Department of Pathology, Yale University School of Medicine, New Haven, Connecticut, USA.
Department of Pathology and Laboratory Medicine, Memorial Sloan Kettering Cancer Center, New York, New York, USA.
Cancer Cytopathol. 2023 Jan;131(1):37-49. doi: 10.1002/cncy.22637. Epub 2022 Aug 30.
Intraductal papillary neoplasm of the bile duct (IPNB) is a rare premalignant neoplasm that can progress to invasive adenocarcinoma. In this retrospective study, cases of IPNB were reviewed to examine cytomorphologic and molecular features.
IPNB cytology cases with histopathologic confirmation were retrieved from the pathology archives. The cytomorphologic features such as cellularity, architecture, cell type, and cellular details were analyzed.

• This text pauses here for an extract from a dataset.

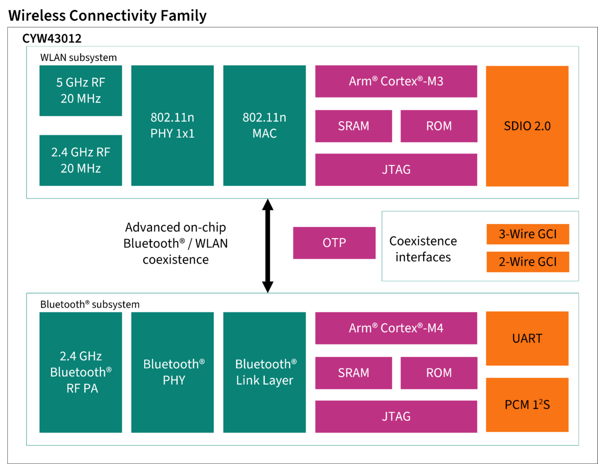 CYW43012 Wi-Fi + Bluetooth 芯片的内部框图如下图所示。

The cohort included 13 cases (six brushings, six fine-needle aspirations [FNA], and one combined brushing and FNA). The lesions involved common bile duct in nine cases (69%) and hepatic duct in four cases (31%). Original cytological diagnoses included adenocarcinoma (five, 38%), suspicious for adenocarcinoma (one, 8%), neoplasm (three, 23%), atypical (three, 23%), and reactive (one, 8%). The cytomorphologic features included moderate/high cellularity (12, 92%), papillary and/or complex papillary architecture (10, 77%), columnar cells (11, 85%), vacuolated cytoplasm (12, 92%), enlarged nuclei (13, 100%), and fine granular chromatin (12, 92%). Background mucin, necrosis and acute inflammation were seen in four (31%), four (31%), and two (15%) cases, respectively. KRAS testing was performed in nine cases with mutant KRAS found in five (56%).

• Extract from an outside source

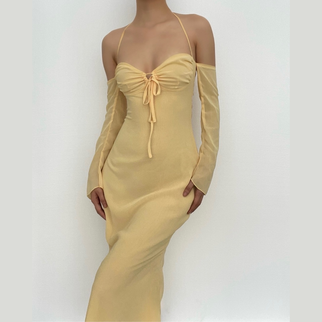 Be the first to review “Low cut halter off shoulder long flared sleeve midi dress”

Our study demonstrated that IPNB cytology specimens were relatively cellular with a wide spectrum of cytomorphology; however, most cases harbored adenocarcinoma or high-grade dysplasia. The characteristic cytomorphologic features included papillary/complex papillary clusters of columnar cells with vacuolated cytoplasm, enlarged nuclei, and fine granular chromatin in relatively cellular specimens. KRAS mutations identified may have potential diagnostic and therapeutic implications.
胆管内乳头状肿瘤(IPNB)是一种罕见的癌前病变,可进展为浸润性腺癌。在这项回顾性研究中,我们对 IPNB 病例进行了研究,以检查其细胞形态学和分子特征。
从病理档案中检索到具有组织病理学证实的 IPNB 细胞学病例。分析了细胞形态学特征,如细胞密度、结构、细胞类型和细胞细节。
该队列包括 13 例病例(6 例刷检、6 例细针穿刺抽吸术[FNA]和 1 例刷检和 FNA 联合)。病变累及胆总管 9 例(69%),肝内胆管 4 例(31%)。最初的细胞学诊断包括腺癌(5 例,38%)、可疑腺癌(1 例,8%)、肿瘤(3 例,23%)、非典型(3 例,23%)和反应性(1 例,8%)。细胞形态学特征包括中/高细胞密度(12 例,92%)、乳头状和/或复杂乳头状结构(10 例,77%)、柱状细胞(11 例,85%)、空泡状细胞质(12 例,92%)、细胞核增大(13 例,100%)和细颗粒状染色质(12 例,92%)。4 例(31%)可见背景黏液、坏死和急性炎症,4 例(31%)和 2 例(15%)可见背景黏液、坏死和急性炎症。在 9 例病例中进行了 KRAS 检测,发现 5 例(56%)存在 KRAS 突变。
我们的研究表明,IPNB 细胞学标本相对具有细胞性,细胞形态学表现广泛;然而,大多数病例存在腺癌或高级别异型增生。特征性的细胞形态学特征包括乳头状/复杂乳头状簇状柱状细胞,伴有空泡状细胞质、细胞核增大和细颗粒状染色质,在相对具有细胞性的标本中。鉴定出的 KRAS 突变可能具有潜在的诊断和治疗意义。